We provide examples of using Microsnoop for profiling single-cell (run_cyclops), full-field (run_tissuenet), and batch-experiment (run_bbbc021) images, corresponding data can be obtained at https://figshare.com/articles/dataset/Microsnoop_a_generalist_tool_for_the_unbiased_representation_of_heterogeneous_microscopy_images/22197607. You can follow these examples to build your own process. Any questions on the use of the software can be contacted via Issues and we will reply promptly.

Steps to run Microsnoop on the example datasets:

Download this project.
Download and unzip the example datasets:

Note:

a. The raw images of CYCLoPs need to be downloaded from https://www.kaggle.com/datasets/stanleyhua/cyclops-protein-loc/. Copy the images into the 'example_datasets/cyclops' folder. The final directory structure can be seen as ''cyclops.gif":

b. The raw images of BBBC021 need to be downloaded from https://bbbc.broadinstitute.org/BBBC021. Copy the images into the 'example_datasets/bbbc021' folder. The final directory structure can be seen as ''bbbc021.gif".

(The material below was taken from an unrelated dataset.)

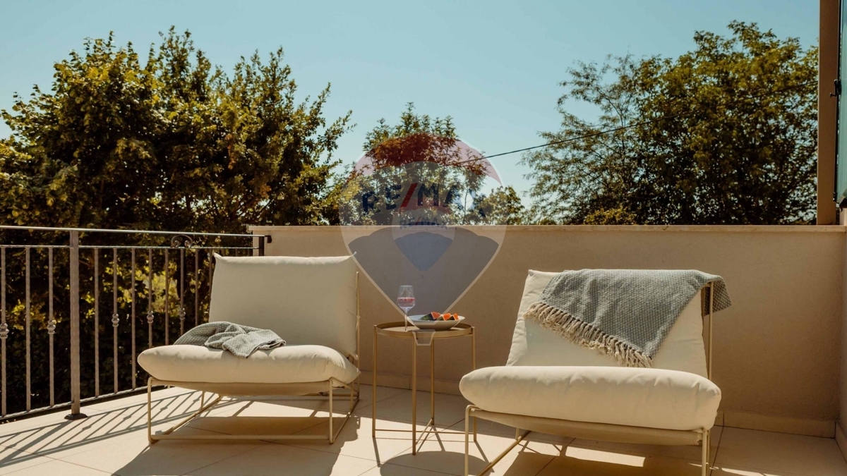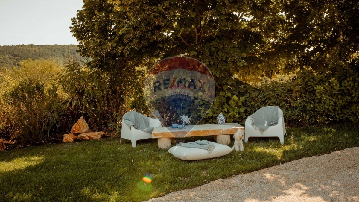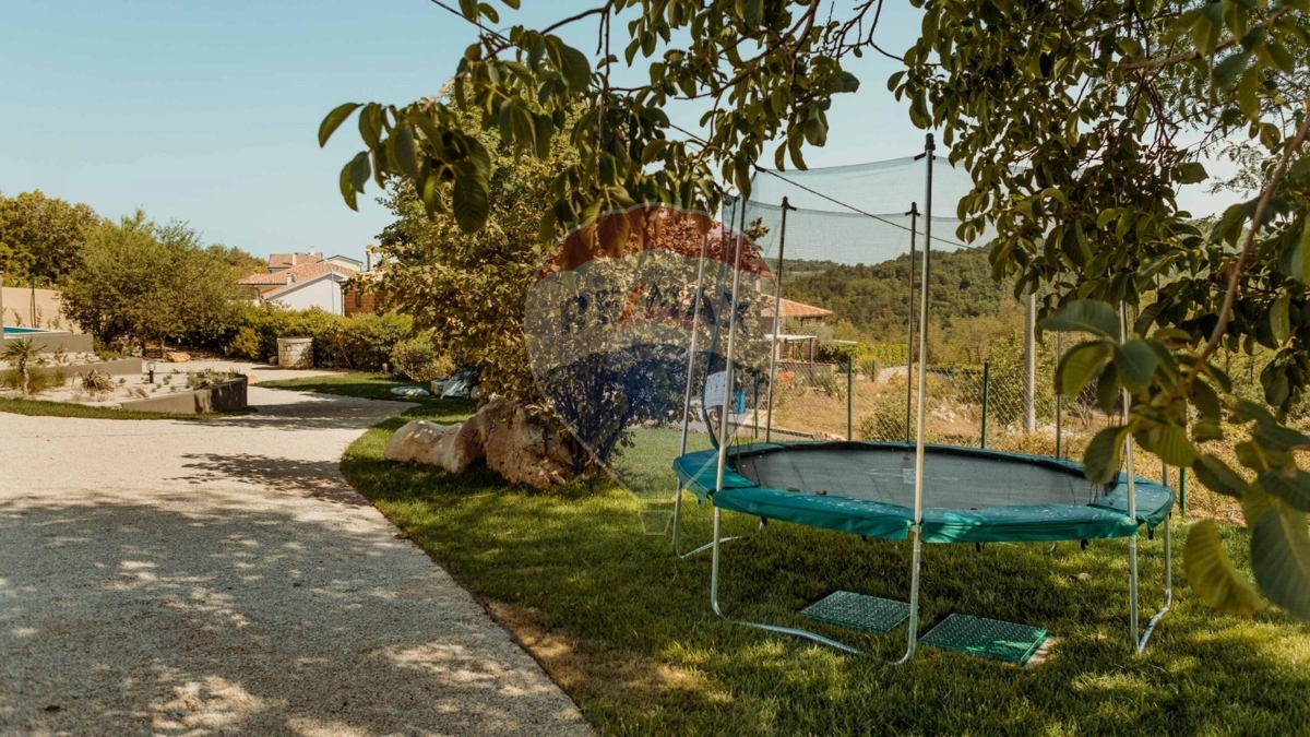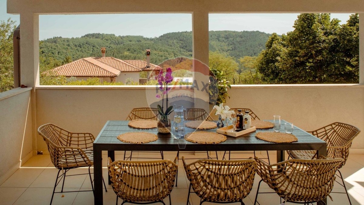 Im Außenbereich, vom Pool aus genießen Sie einen zauberhaften Ausblick auf die saftig-grüne Hügellandschaft und das alte Städtchen Oprtalj. Das gesamte Grundstück ist umfriedet, herrlich grün bewachsen mit mehreren romantischen Schattenplätzen und Ziergärten.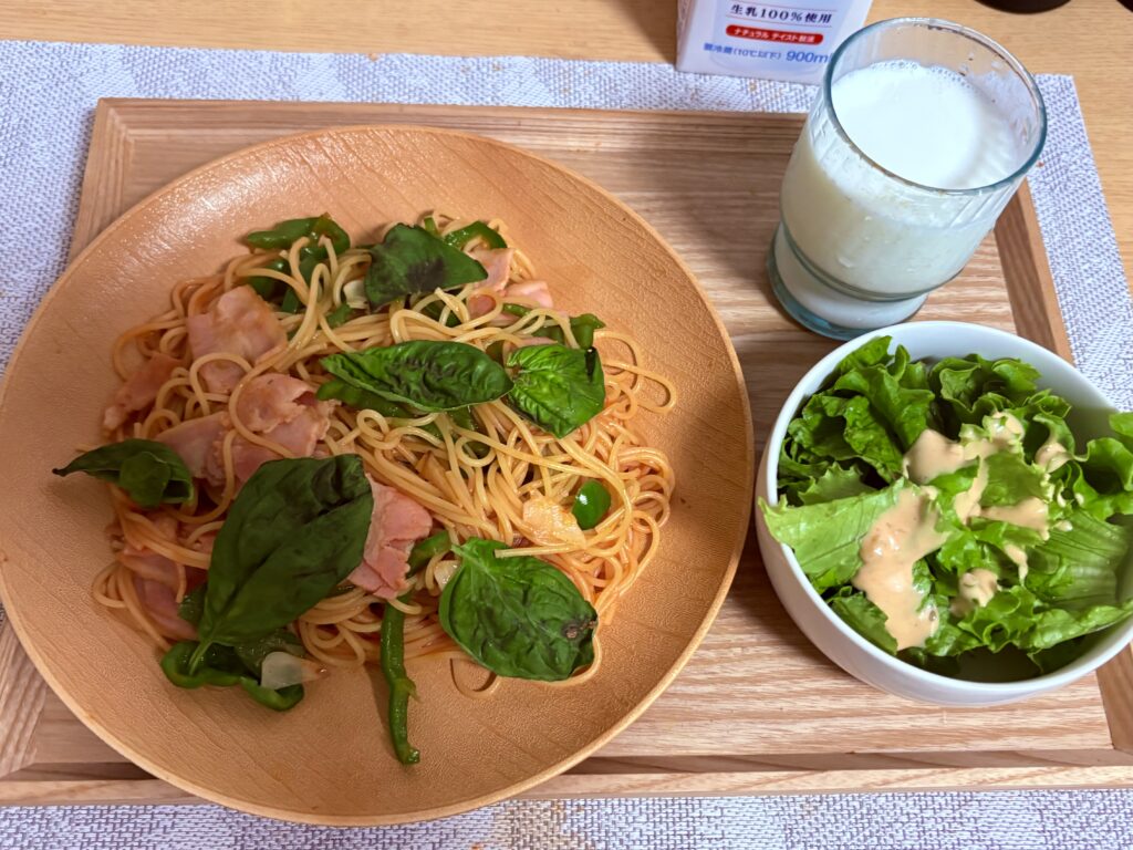 20時、晩ごはんを作って食べます。トマトピューレの買い置きがなかったのて、ケチャップでナポリタンを作りました。

Input the root dir of the example datasets. For example, if your dataset directory is ''/Data/datasets/cyclops', you can replace the original dataset_dir with '/Data/datasets' in run_cyclops.py:
```
dataset_dir = r'/Data/datasets'
```

Input the suitable batch_size according to the available memory capacity of your GPU, and gen_size according to the available memory capacity of your CPU.

args.batch_size = 16
data_loader = eval_dataset.load_data(dataset_path, gen_size=1024)  # gen_size should be an integer multiple of the channel numbers

Configure the environment and run the script.

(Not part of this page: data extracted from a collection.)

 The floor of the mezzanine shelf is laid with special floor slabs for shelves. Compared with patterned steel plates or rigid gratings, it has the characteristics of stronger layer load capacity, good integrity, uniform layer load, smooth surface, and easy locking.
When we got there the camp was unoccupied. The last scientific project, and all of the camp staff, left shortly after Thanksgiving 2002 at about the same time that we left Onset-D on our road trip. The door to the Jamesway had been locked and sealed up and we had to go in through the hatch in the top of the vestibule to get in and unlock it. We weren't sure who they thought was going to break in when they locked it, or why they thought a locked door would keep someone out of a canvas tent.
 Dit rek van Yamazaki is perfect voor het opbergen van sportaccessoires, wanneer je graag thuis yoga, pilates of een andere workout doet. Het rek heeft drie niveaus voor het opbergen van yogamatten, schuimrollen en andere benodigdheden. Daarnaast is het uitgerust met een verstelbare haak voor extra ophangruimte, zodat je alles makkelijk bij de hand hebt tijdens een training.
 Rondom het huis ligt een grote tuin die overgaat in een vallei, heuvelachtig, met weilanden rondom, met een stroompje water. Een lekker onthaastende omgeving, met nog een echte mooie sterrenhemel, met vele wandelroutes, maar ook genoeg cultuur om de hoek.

The output of Microsnoop is feature embeddings of each one-channel image in '.h5' format. You can read a '.h5' file through:

import h5py

embed_path = r'/Data/microsnoop/output/embeddings/cyclops/ind-0to4095.h5'  # input the path of the feature embeddings
embeddings_file = h5py.File(embed_path)
embeddings = embeddings_file['embeddings'][:]
inds = embeddings_file['inds'][:]

The path of these output embeddings is in folder 'output/embeddings'.

The time for running the example scripts on our device (CPU: 192GB, GPU: NVIDIA GeForce RTX 3090) is:

Script Time batch_size gen_size

run_cyclops.py 9min 16 4096

run_tissuenet.py 17min 64 200

run_bbbc021.py 3h16min 96 300

Different devices may take different amounts of time.